Look at these numbers and I know you will feel reassured that if all else fails, your property will be your pension.

On to the bad news. You shouldn’t feel remotely reassured. The truth is that this happy state of affairs cannot last.

You can argue – and the house price bulls keep arguing – that there is a limited supply of UK homes and the strong labor market conditions – record vacancies and unemployment very low – will maintain demand. Tight supply. Firm request. What could go wrong?

The answer to this question is demand. It can disappear in a flash of expensive gas. Let’s start with the cost of living crisis. You’ve heard a lot about rising energy costs, but one of the best ways to think about it is in terms of the tax equivalent: the coming rise, said Greg Jackson, CEO of Octopus Energy on the BBC. Today programme, is equivalent to adding 9 pence to the basic rate of income tax.
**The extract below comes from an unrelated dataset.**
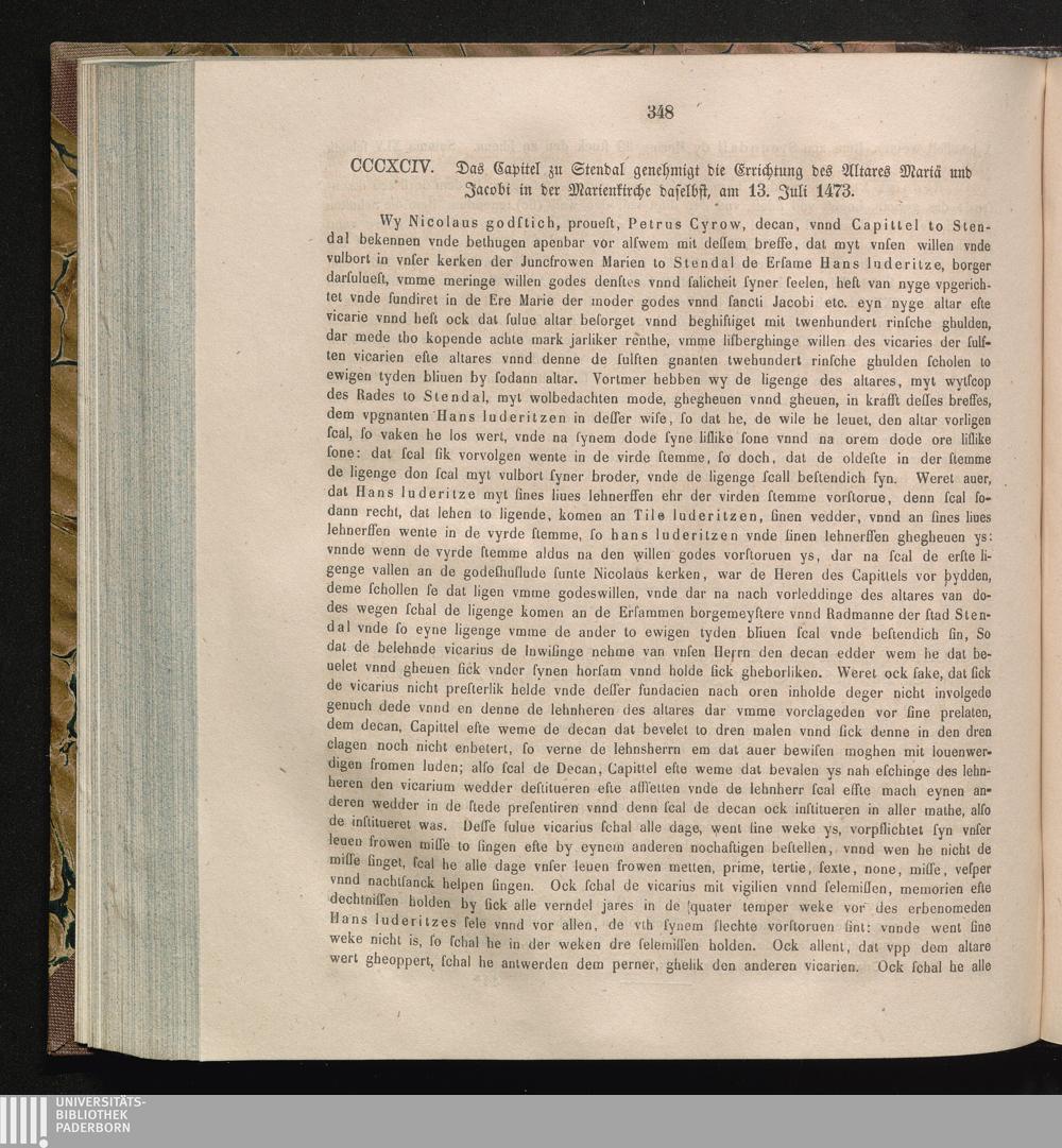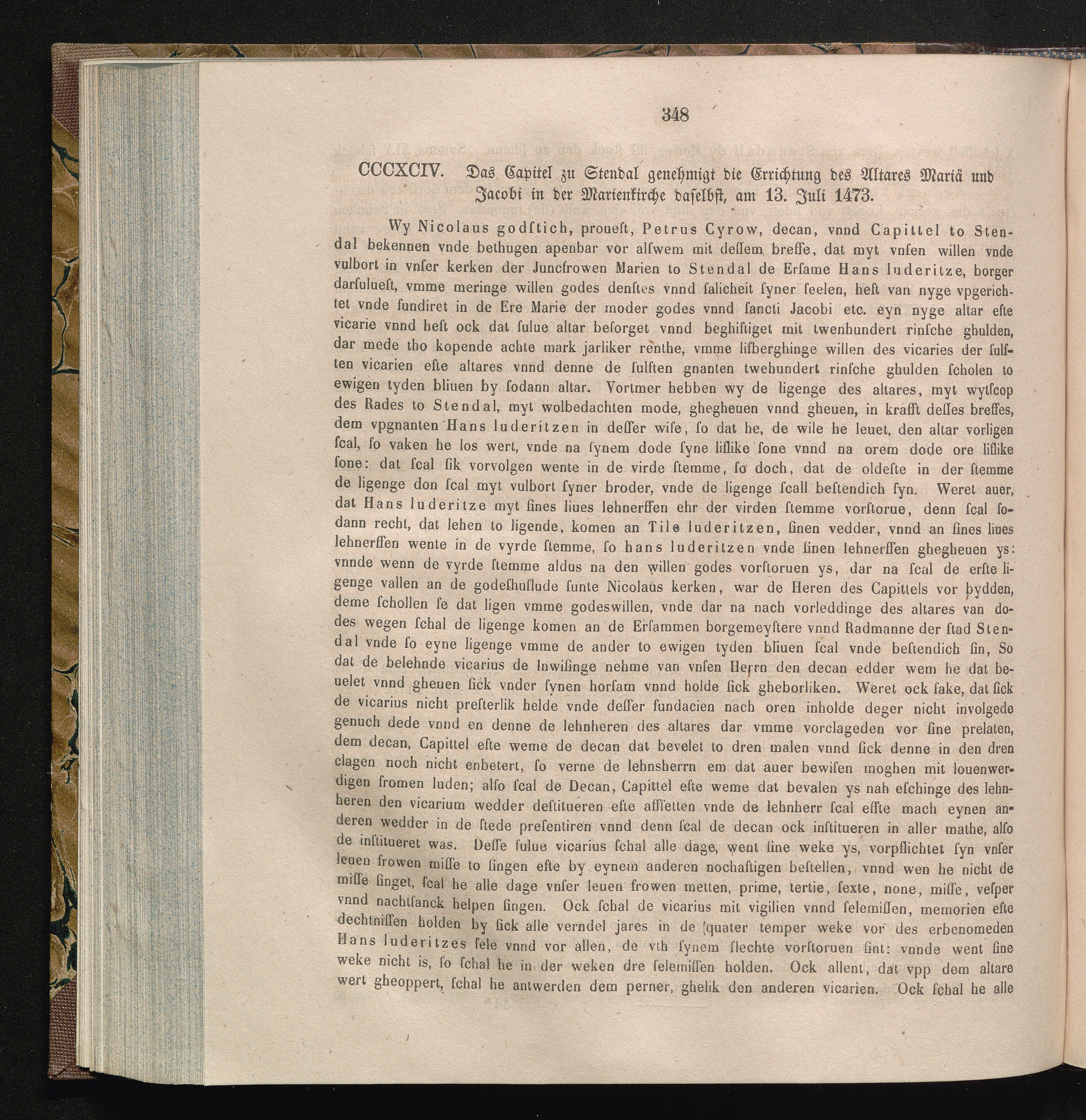 CCCXCIV. Das Capitel zu Stendal genehmigt die Errichtung des Altares Mariä und Jacobi[...]

Can you imagine a constant demand for homes at current prices under these circumstances? Enough. And that’s before you start adding in the rising costs of absolutely everything else – the British Retail Consortium has driven food prices up 9.3% over the past year. Next, note that the labor market may look strong, but it’s not getting stronger: the UK unemployment rate is no longer falling – it was stable at 3.8% in June – and the number of job vacancies is not increases more.

Labor supply usually picks up in a cost of living crisis (for obvious reasons) and this could work against the push in wage increases. At last count, real wages were falling at the fastest rate in 20 years – down 3% from April to July according to official data from the Office for National Statistics.

If salary rewards continue to be around 4%, as they have been, and inflation stays above 10%, employees will end the year with their purchasing power adjusted for inflation down by more than 6%.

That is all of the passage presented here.